Several computational models for flexible decision behavior may relate to our work. In a firing-rate network model that exhibits rapid threshold tuning, researchers have demonstrated that their model is able to quickly converge to the optimal threshold that maximizes the objective reward rate under different task environments (Simen et al., 2006). However, the network needs prior knowledge about the reward rate-threshold relationships across different task environments, such as varying ITIs or varying difficulties. In contrast, our model does not need such information. Instead, the model requires a rough estimate of performance as a function of difficulty Equation (1), which is independent of the task environment. Compared to the reward rate-threshold relationships, performance as a function of difficulty seems to be the information that is more naturally and easily learned by subjects during training. This argument needs to be tested experimentally. Some other rate-based models have focused on action selection and executive control in BG circuits involving direct and indirect pathways (Cohen and Frank, 2009; Wiecki and Frank, 2013). The inclusion of the indirect pathway is a reasonable choice in their models as it is the pathway that has been associated with inhibitory control, the enhancement of action precision, or the avoidance of aversive stimuli (Hikosaka et al., 2000; Jiang et al., 2003; Hikida et al., 2010). Whether the indirect pathway plays a crucial role in the adaptation and optimization of perceptual discrimination tasks requires further tests. Furthermore, our model focuses on spiking neurons with detailed dopamine dynamics and STDP and is therefore able to provide experimental testable predictions on the correlation between cellular level factors and behavior performance.

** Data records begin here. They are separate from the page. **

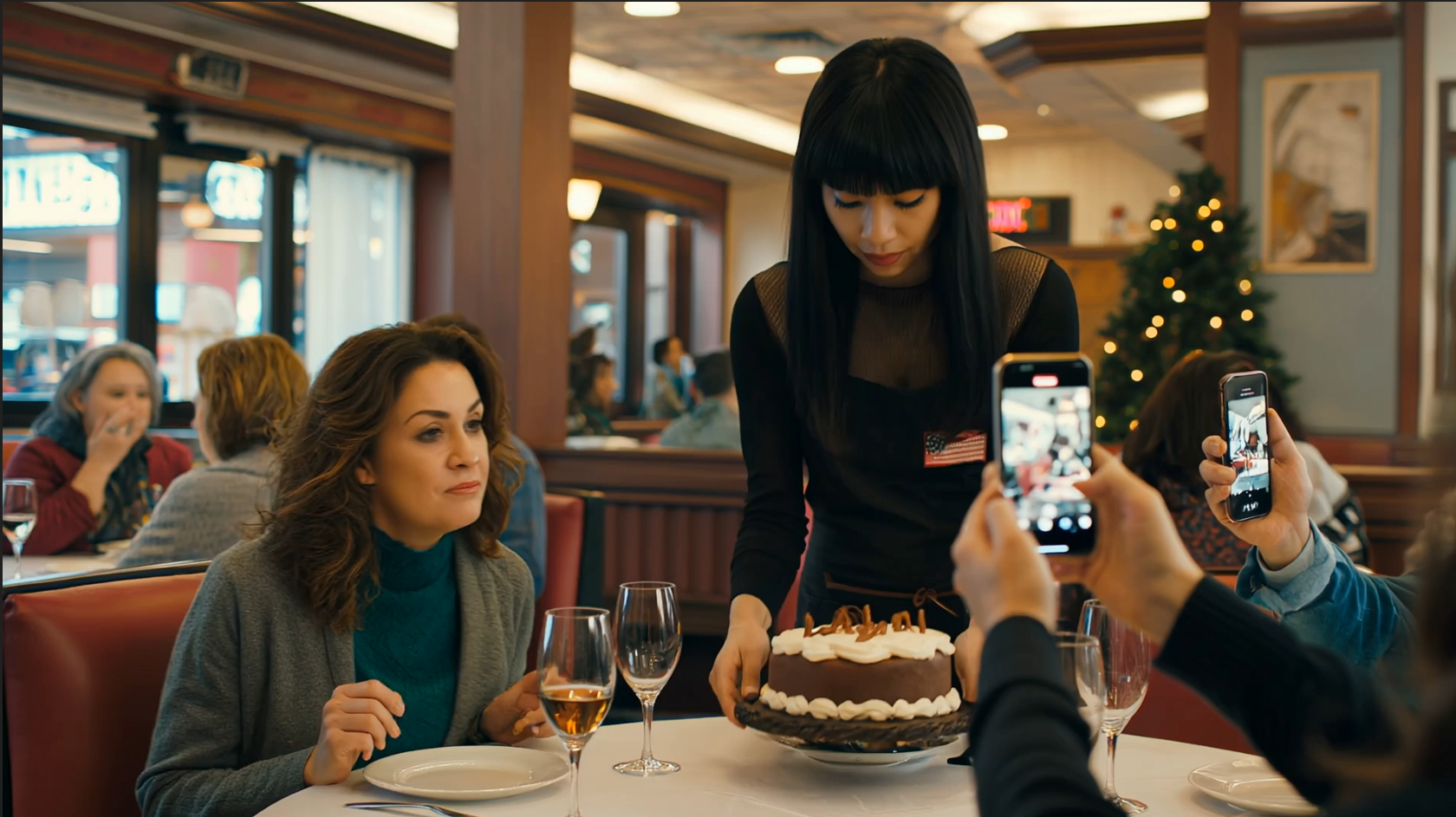 The waiter disappeared into the kitchen with instructions I couldn’t quite hear, though from the way my family members all suddenly sat up straighter and reached for their phones, I knew the main event was about to begin.
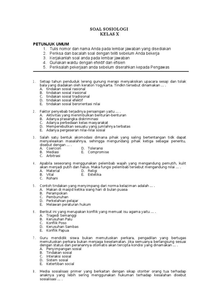 42+ Lebih Contoh Soal Sosiologi Kelas X. A soal ujian tengah semester mata pelajaran sosiologi a. Contoh soal sosiologi kelas x.
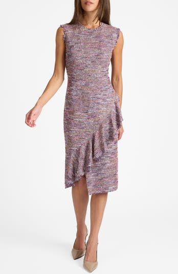 - Sleeveless Sheath Dress with Skirt Ruffle in Luxury Tweed with Subtle Sequins
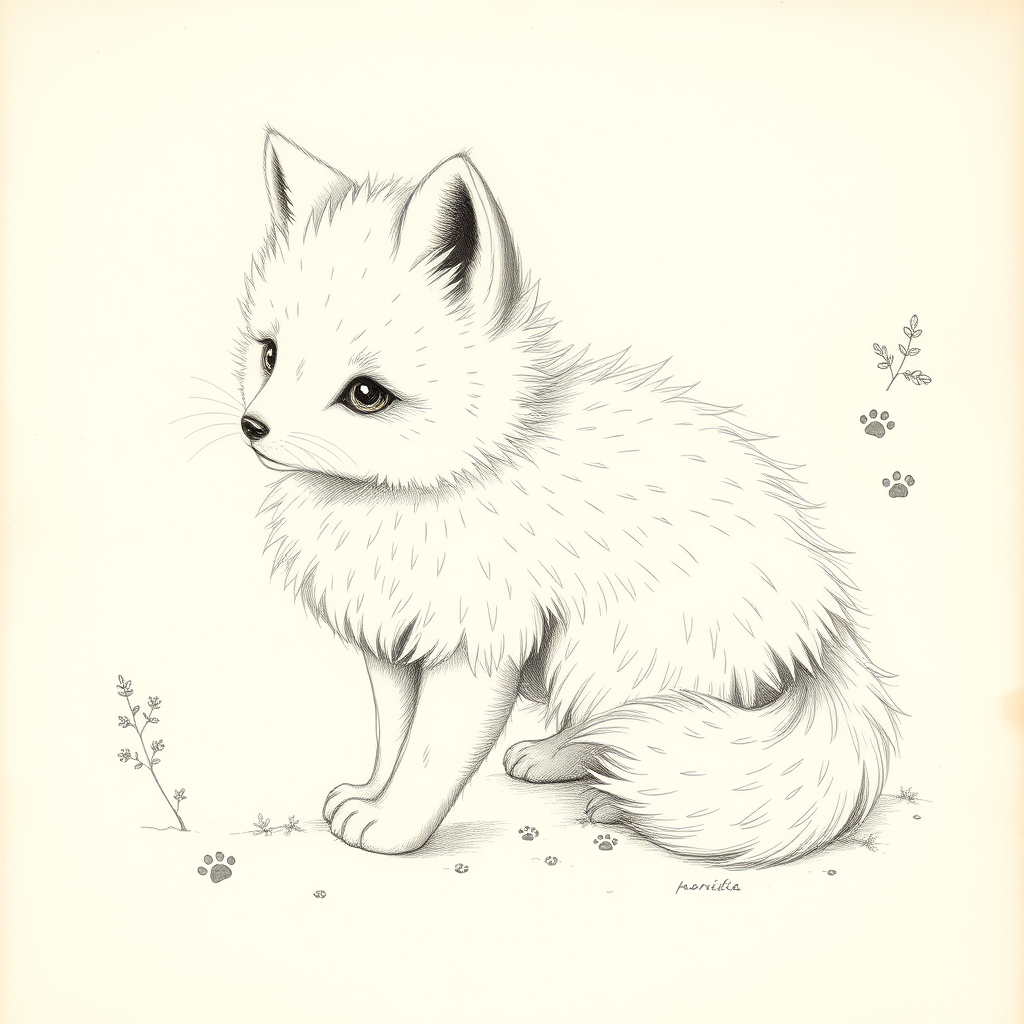 A full page antique lithograph showcasing intricate schematics of an adorable white fluffy creature that blends a wild snow fox with a kitten, capturing its baby-like innocence and playfulness. The sketch drawing features delicate details such as the gentle curl of its bushy tail, the softness of its fur, and the curious sparkle in its eyes. Small creative flourishes include subtle hints of winter flora woven into its surroundings, and tiny expressive paw prints around its form, adding a whimsical touch to the vintage-style illustration.

We noted that a recent primate study has demonstrated that frontal-eye-field neurons change their ramping rates in a visual search task when the monkeys are cued for different decision speeds (Heitz and Schall, 2012). Their result suggested the possibility of another neuronal mechanism (other than changing the decision threshold) that might underlie the behavior of a SAT. Interestingly, we have recently shown that similar neuronal responses can be observed in the attractor decision model by applying a top–down control with balanced excitation and inhibition (Wang et al., 2013). We have suggested that the two mechanisms of SAT do not exclude each other. Rather, different SAT mechanisms may be implemented by the same subject under different task conditions. It is interesting to integrate the two mechanisms in a single model and to investigate whether the model is able to reproduce a wider range of empirical observations. Furthermore, a recent primate study has shown that neurons in the caudate nucleus encode complex information, including evidence accumulation, evaluation, and choice biases (Ding and Gold, 2010), during a random-dot task. With the combination of a top-down control mechanism (Wang et al., 2013), it is worth exploring how our model is able to reproduce these observations.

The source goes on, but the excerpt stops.